Everything about The African Continental Free Trade Area

The world will soon see the biggest trade agreement since the establishment of WTO as the African nations will put their signatures on the African Continental Free Trade Area (AfCFTA) in Rwanda. As per the estimates of UN Economic Commission for Africa the effective implementation of the agreement has the potential to boost the intra-African trade by 52 percent in next 5 years.

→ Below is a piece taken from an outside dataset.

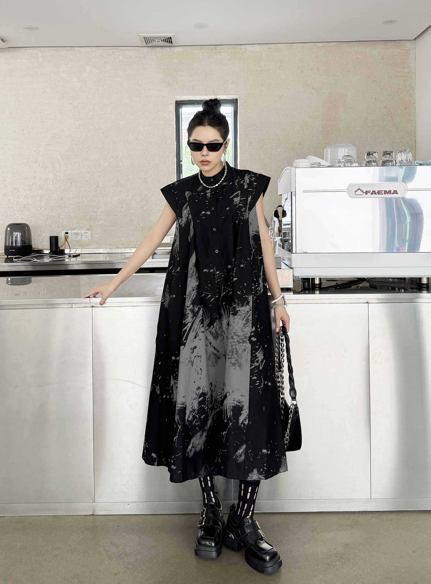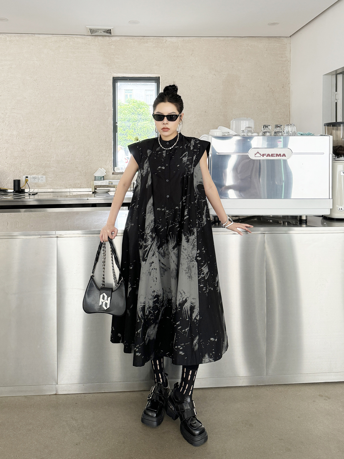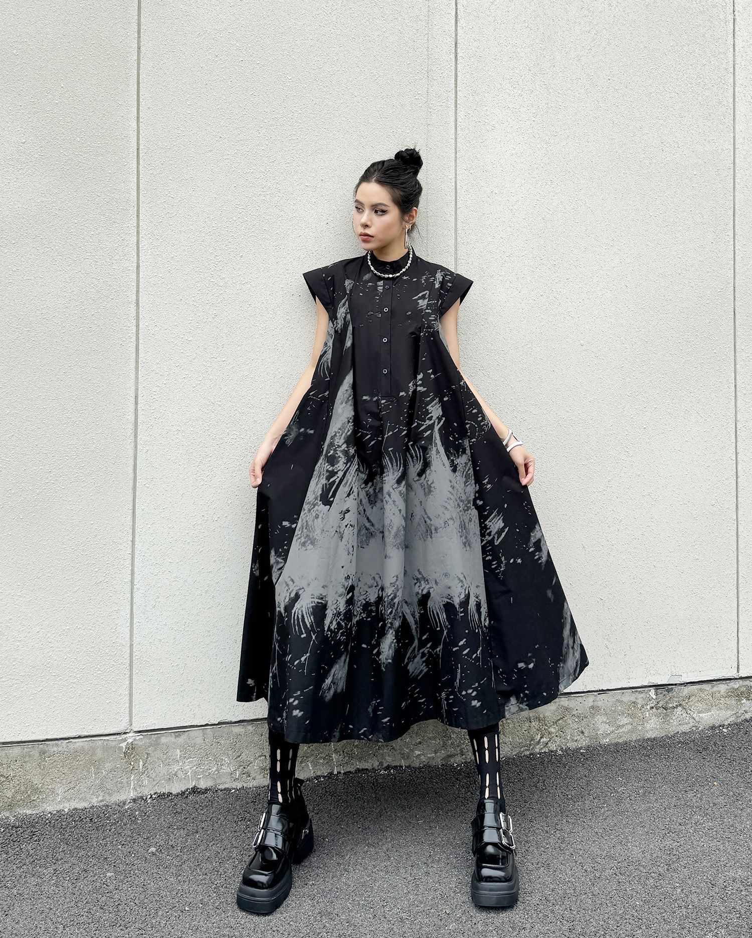 -Neckline: Half high collar

AfCFTA stands for a continental free trade area the negotiations for which were started in 2015. The agreement will cover 55 member nations from the African Union and will bind together 1.2 billion and give rise to a gigantic combined GDP of more than $2 trillion. The momentous deal seeks to waive off tariffs on 90 percent products while 10 percent items in the sensitive category will be factored in later. The agreement will relax barriers on services and also deal with non-tariff barriers which usually cause long delays at the border. There is thus a gradual shift towards a single currency and free movement of people within the trade area.

Advantage Trade

A single, large continental market for goods and services in the continent is aimed at boosting trade relations among the African countries. As per UNCTAD, the primary UN wing which deals with trade said the intra-African trade only comprise 10.2 percent of the total trade of the continent in 2010. The reserved trade relations amongst the African nations are a result of colonialism as the main trading relations were established between Africa and the West. It is expected AfCFTA will rectify this historical flaw. The continent today needs free trade to grow at par with the developed world. The main items of African exports to West between2010-2015 were dominated by fuels and manufactured goods while the trade within Africa largely comprised the manufactured products. There is a unique volatility seen in commodity prices which make the exports highly vulnerable and the commodity exports are capital intensive. Resultantly, there is a dearth of jobs and drain of youth towards West.

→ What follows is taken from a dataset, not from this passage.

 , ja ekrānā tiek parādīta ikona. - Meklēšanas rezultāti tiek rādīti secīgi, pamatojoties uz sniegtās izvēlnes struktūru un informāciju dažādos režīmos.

There are obvious challenges to the implementation of the deal as it requires the economies to be prepared and adaptable to the demands of globalisation. There will be an increase in competition which can have a spiral impact on salaries, especially in low-cost jobs. The African nations have to factor in the costs and consequences of the negative impacts while riding on the highs of the agreement.

The deal which is slated to be ratified on March 21, will need at least 15 signatories to come into effect. The clauses on investment, competition policy and intellectual property will be ironed out afterwards. A Secretariat will have to be established by African Union Commission which will preside over the agreement in future and take it to new heights.